Buddle - A Deep Learning for Statistical Classification and Regression
Analysis with Random Effects
Statistical classification and regression have been
popular among various fields and stayed in the limelight of
scientists of those fields. Examples of the fields include
clinical trials where the statistical classification of
patients is indispensable to predict the clinical courses of
diseases. Considering the negative impact of diseases on
performing daily tasks, correctly classifying patients based on
the clinical information is vital in that we need to identify
patients of the high-risk group to develop a severe state and
arrange medical treatment for them at an opportune moment.

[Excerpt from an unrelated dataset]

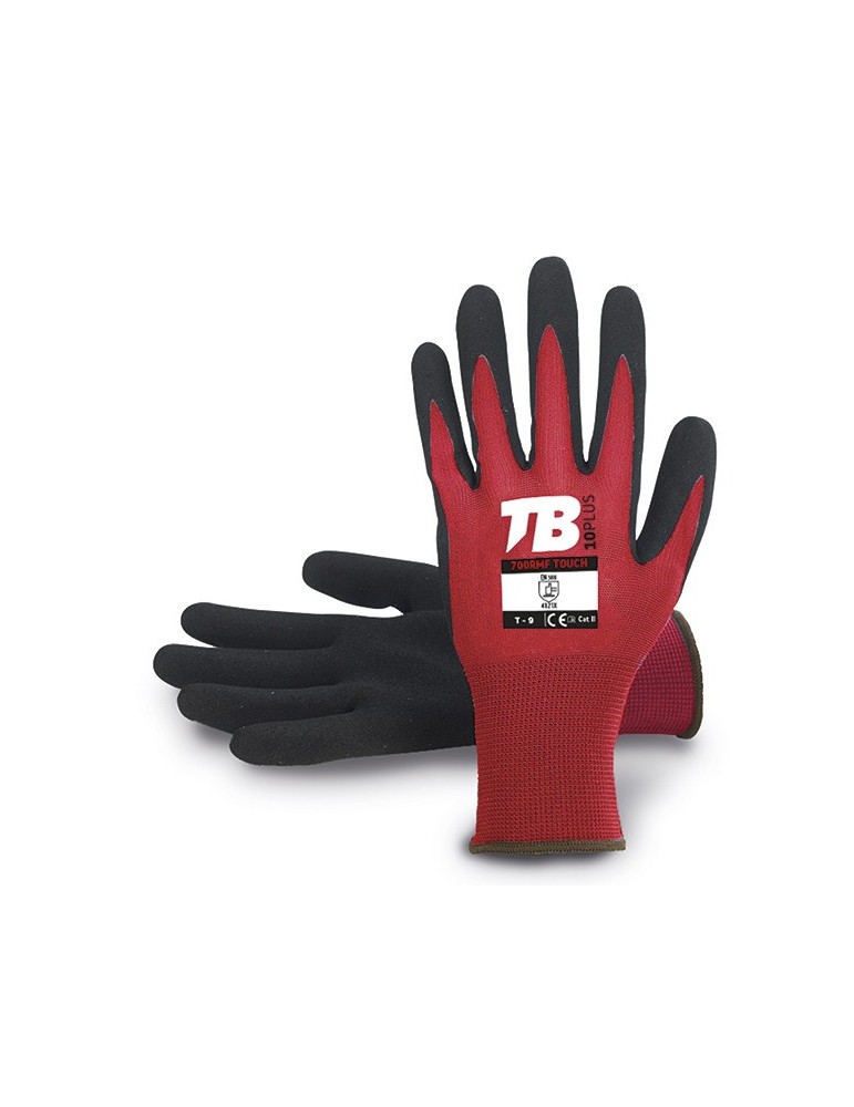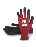 Guante soporte nailon y elastano rojo sin costuras. Recubrimiento nitrilo Sandy grip negro en palma. Puño elástico. Galga 15.

Deep
learning - a part of artificial intelligence - has gained much
attention, and research on it burgeons during past decades:
see, e.g, Kazemi and Mirroshandel (2018)
<DOI:10.1016/j.artmed.2017.12.001>. It is a veritable technique
which was originally designed for the classification, and
hence, the Buddle package can provide sublime solutions to
various challenging classification and regression problems
encountered in the clinical trials. The Buddle package is based
on the back-propagation algorithm - together with various
powerful techniques such as batch normalization and dropout -
which performs a multi-layer feed-forward neural network: see
Krizhevsky et. al (2017) <DOI:10.1145/3065386>, Schmidhuber
(2015) <DOI:10.1016/j.neunet.2014.09.003> and LeCun et al.
(1998) <DOI:10.1109/5.726791> for more details. This package
contains two main functions: TrainBuddle() and FetchBuddle().
TrainBuddle() builds a feed-forward neural network model and
trains the model. FetchBuddle() recalls the trained model which
is the output of TrainBuddle(), classifies or regresses given
data, and make a final prediction for the data.